* The task
Once you find the line with "位置:云南大理旗星赛鸽中心2025获奖鸽展示\决赛385名" in the entries below, print it and each line after it up to and including the line with "Crunch into these", exactly, without pictures.

* The data
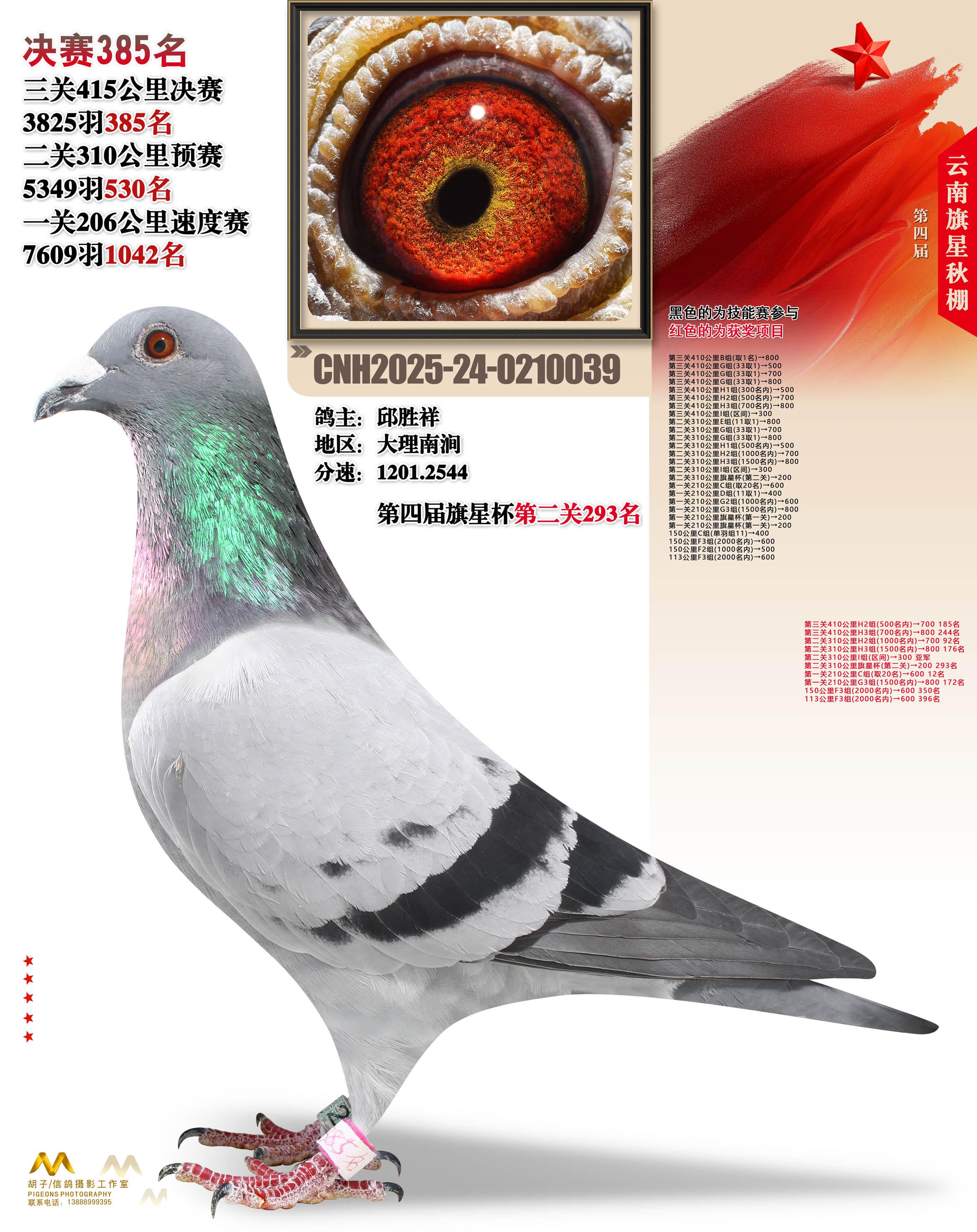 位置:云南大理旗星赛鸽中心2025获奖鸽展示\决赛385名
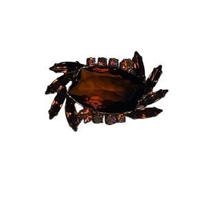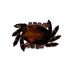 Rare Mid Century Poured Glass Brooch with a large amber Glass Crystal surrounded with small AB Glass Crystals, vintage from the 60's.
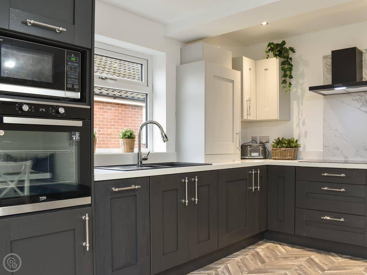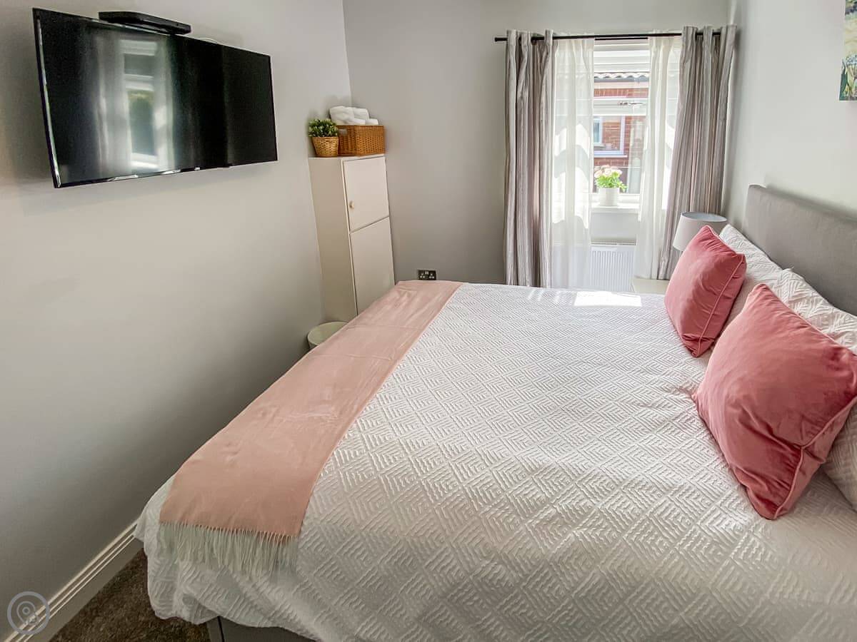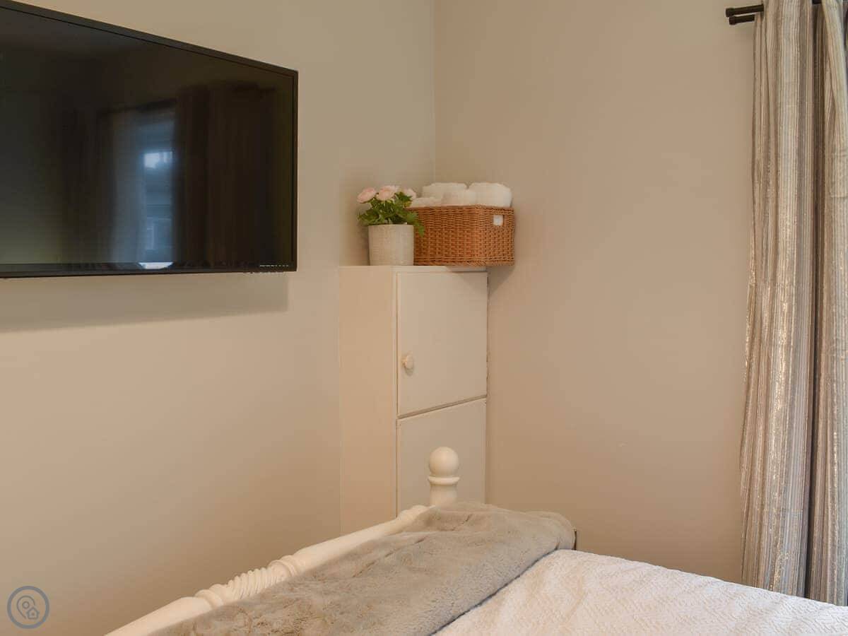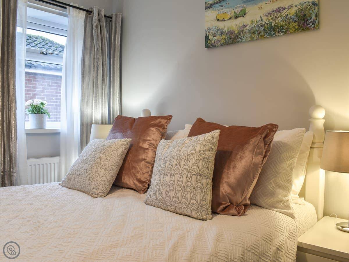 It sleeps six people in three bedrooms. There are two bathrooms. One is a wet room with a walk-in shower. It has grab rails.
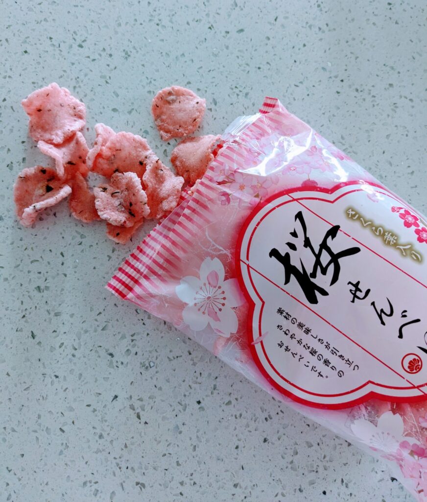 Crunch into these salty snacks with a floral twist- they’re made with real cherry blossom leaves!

==

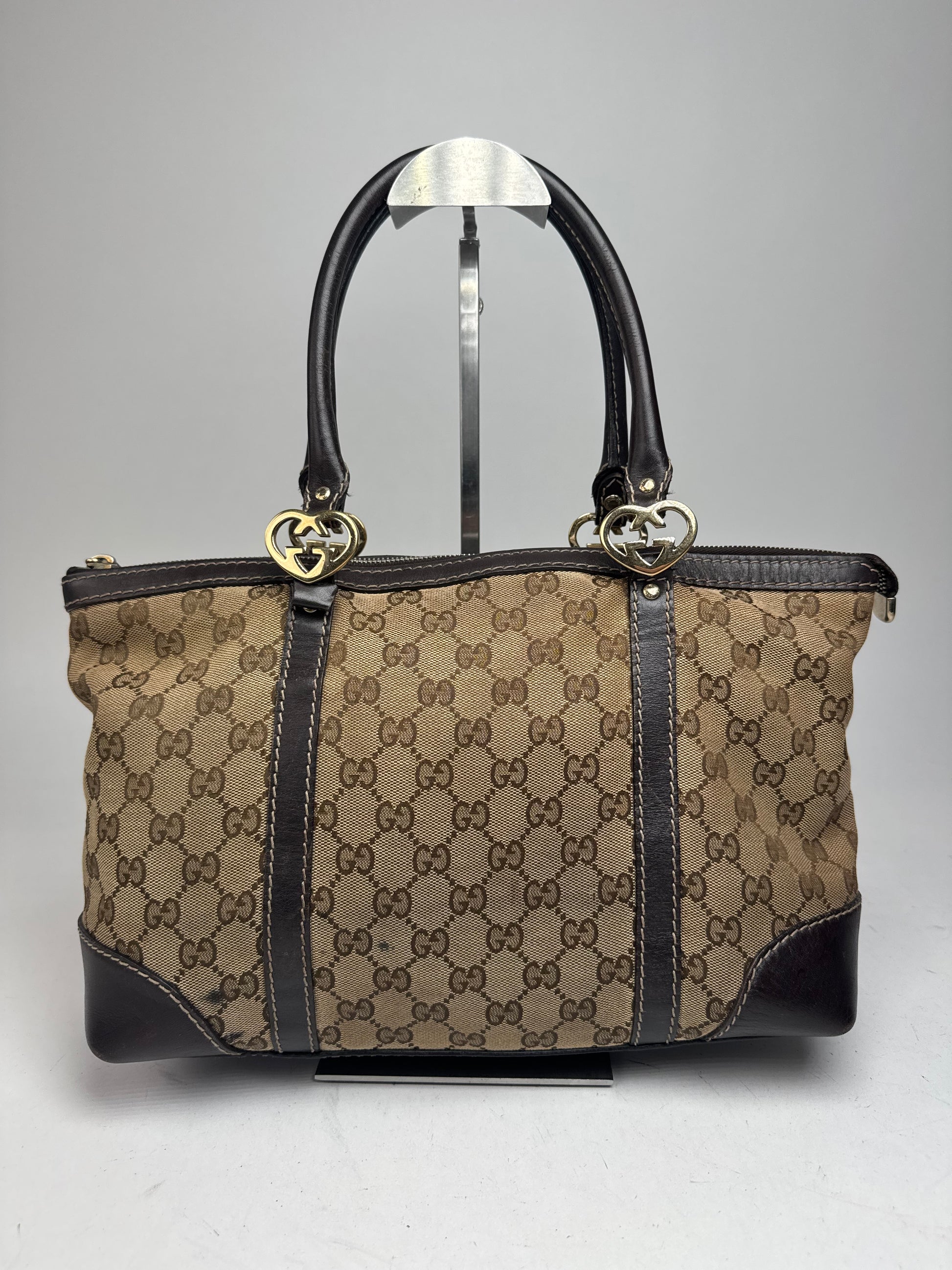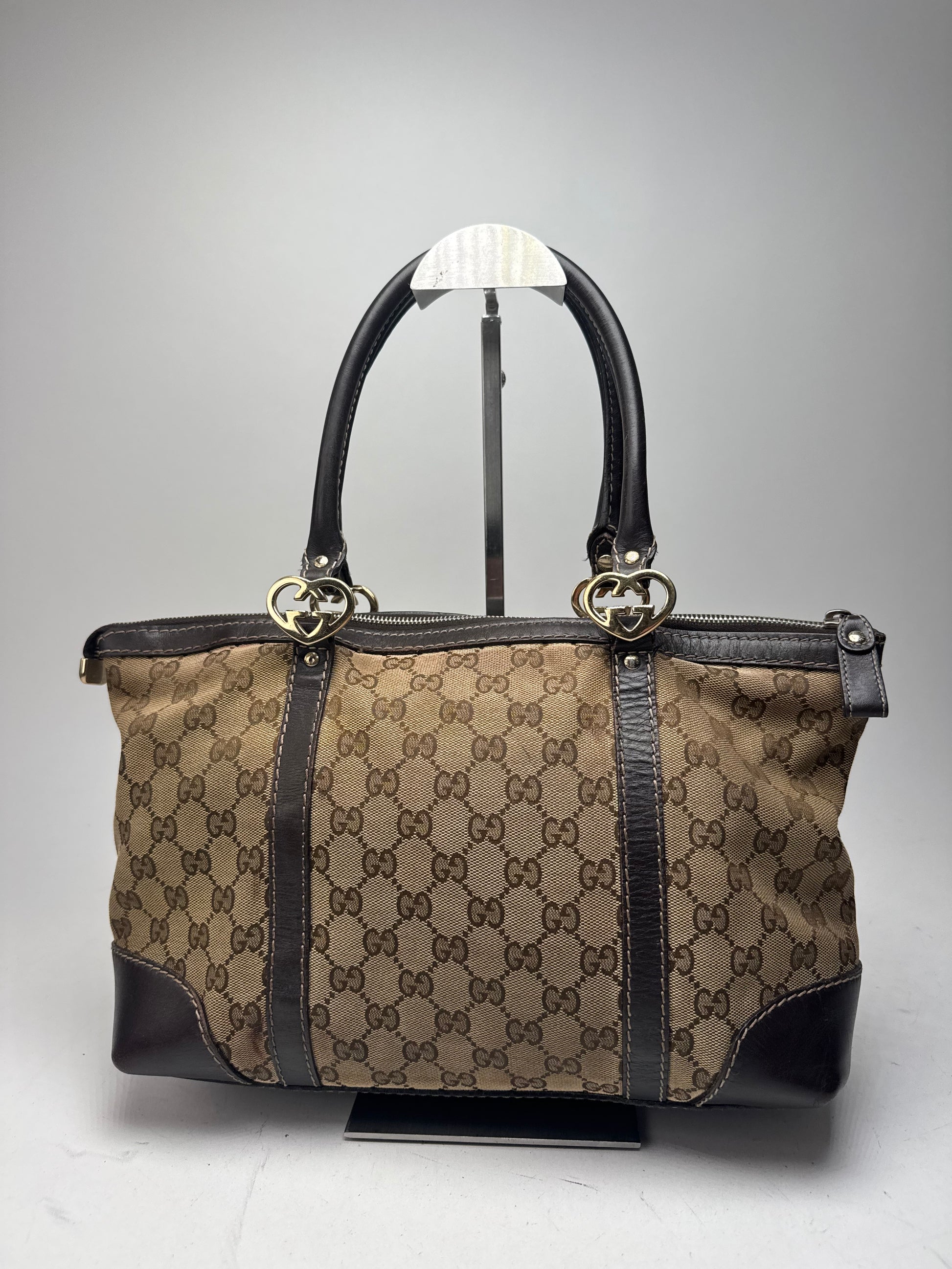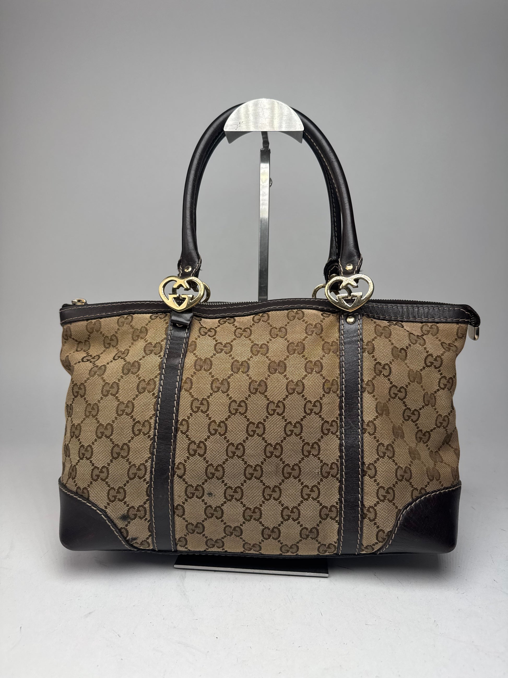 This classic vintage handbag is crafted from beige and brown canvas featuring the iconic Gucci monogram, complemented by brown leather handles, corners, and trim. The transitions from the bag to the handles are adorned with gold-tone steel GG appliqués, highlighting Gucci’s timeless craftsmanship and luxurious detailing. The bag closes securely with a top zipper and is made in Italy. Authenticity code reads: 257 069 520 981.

* Answer for this exercise
 位置:云南大理旗星赛鸽中心2025获奖鸽展示\决赛385名
 Rare Mid Century Poured Glass Brooch with a large amber Glass Crystal surrounded with small AB Glass Crystals, vintage from the 60's.
 It sleeps six people in three bedrooms. There are two bathrooms. One is a wet room with a walk-in shower. It has grab rails.
 Crunch into these salty snacks with a floral twist- they’re made with real cherry blossom leaves!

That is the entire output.